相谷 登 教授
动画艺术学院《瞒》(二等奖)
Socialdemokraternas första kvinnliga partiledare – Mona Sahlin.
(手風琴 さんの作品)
---
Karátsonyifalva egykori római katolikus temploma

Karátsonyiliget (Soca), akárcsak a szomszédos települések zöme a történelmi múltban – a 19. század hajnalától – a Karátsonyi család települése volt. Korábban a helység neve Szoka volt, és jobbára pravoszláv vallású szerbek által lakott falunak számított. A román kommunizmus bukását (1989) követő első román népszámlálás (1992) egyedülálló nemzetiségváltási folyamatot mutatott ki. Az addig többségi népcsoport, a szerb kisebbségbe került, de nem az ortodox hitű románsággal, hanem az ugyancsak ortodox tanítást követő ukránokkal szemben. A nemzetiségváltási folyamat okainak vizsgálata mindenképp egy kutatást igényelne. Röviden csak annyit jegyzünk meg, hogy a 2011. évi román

WHAT TO WORK ON: Take the line above containing "Socialdemokraternas första kvinnliga", the line containing "(手風琴 さんの作品)", and all lines in between, and copy them exactly without anything else.

TASK ANSWER:
Socialdemokraternas första kvinnliga partiledare – Mona Sahlin.
(手風琴 さんの作品)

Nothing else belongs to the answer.